If Mr. Krugman’s views are no longer welcome in Paris, I wonder what country would be willing to adopt his strategy.  Cuba’s G/GDP ratio is at 66%, probably a tad high for even Paul Krugman. And don’t forget that this is the guy who thinks market monetarists are a failure because our views aren’t popular with GOP Congressmen.

PS.  Mean-spirited Sweden’s government scrapes by spending a measly 51.2% of GDP.

HT:  Patrick Sullivan



34 Responses to “French Socialists purge far-left wing Krugmanites from government”

  1. Gravatar of Biased Stats Biased Stats
    26. August 2014 at 04:42

    Dear Scott,

    Arnaud Montebourg, the left-wing minister that just got fired from Hollande’s government, is not arguing in favor of higher spending as a share of GDP, but in favor of slowing the speed at which deficits are reduced.

    His plan is to cut spending by 2.5% of GDP, and use this cut in spending to give back 0.8% to households, 0.8% to firms, 0.8% to deficit reduction.
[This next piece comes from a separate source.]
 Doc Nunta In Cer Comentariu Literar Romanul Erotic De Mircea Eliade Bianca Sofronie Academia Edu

By Krugman’s standards, even Montebourg is still an austerian because his tax cut doesn’t match his spending cut. It’s nevertheless a critique of Hollande’s plan, who want to reduce the deficit by more than 0.8%, and give tax cuts mainly to firms.
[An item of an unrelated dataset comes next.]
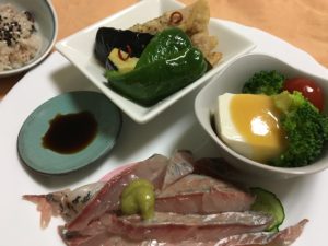 鯵の刺身、豆腐とブロッコリーの酢味噌がけにプチトマト、揚げ豚と揚げ野菜の南蛮漬け。

    I like your blog and have been following you for years, but please don’t misportray France’s politics.

    Thank you

  2. Gravatar of Matt McOsker Matt McOsker
    26. August 2014 at 04:59

    Sweden runs a trade surplus, and France a trade deficit. Sweden is fiat, France is not. They are in a different position than France IMO.

    My advice to France is leave the Euro as it is flawed. Might be messy (might not be that messy) in the short term, but longer term France can at least have key mechanisms at their disposal to manage their economy. The longer they stay in the ECB, and the more Euro debt they rack up, France will be in trouble long term if the ECB remains inept, and the Euro remains flawed.
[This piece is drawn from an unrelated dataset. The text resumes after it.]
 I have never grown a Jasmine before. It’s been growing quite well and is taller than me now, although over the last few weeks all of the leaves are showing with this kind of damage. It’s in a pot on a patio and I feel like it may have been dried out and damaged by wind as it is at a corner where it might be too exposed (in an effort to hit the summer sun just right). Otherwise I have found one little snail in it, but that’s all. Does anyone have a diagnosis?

  3. Gravatar of meegs meegs
    26. August 2014 at 05:22

    What’s interesting is Krugman presents such a one-sided view. Only an idiot could possibly want austerity!

    I had not seen that 56.1% figure. Thanks for the post.

  4. Gravatar of Brian Donohue Brian Donohue
    26. August 2014 at 05:36

    Nice post. Your work documenting this stuff in real time is precious. Keep on keepin’ on.

  5. Gravatar of Elwailly Elwailly
    26. August 2014 at 06:20

    To be fair you should note that Krugman isn’t advocating permanent government increases as a goal in itself. He is simply acknowledging the utility of increasing fiscal spending temporarily to boost demand. This is especially true when the central bank is limited in it’s ability to boost NGDP by political consideration (which is the polite interpretation of the ECB’s posture).

    Krugman may be a liberal, but this is a separate issue. Implying he has a secret agenda to increase government at all times is just as ridiculous as implying you have a secret agenda in your writings to decrease government at all times.

  6. Gravatar of ssumner ssumner
    26. August 2014 at 06:38

    Elwailly, You said:

    “Implying he has a secret agenda”

    I’ve never implied Krugman has any secret agendas. All his agendas are very public.

    In any case, he has argued that the recent demand shortfall is permanent, not temporary.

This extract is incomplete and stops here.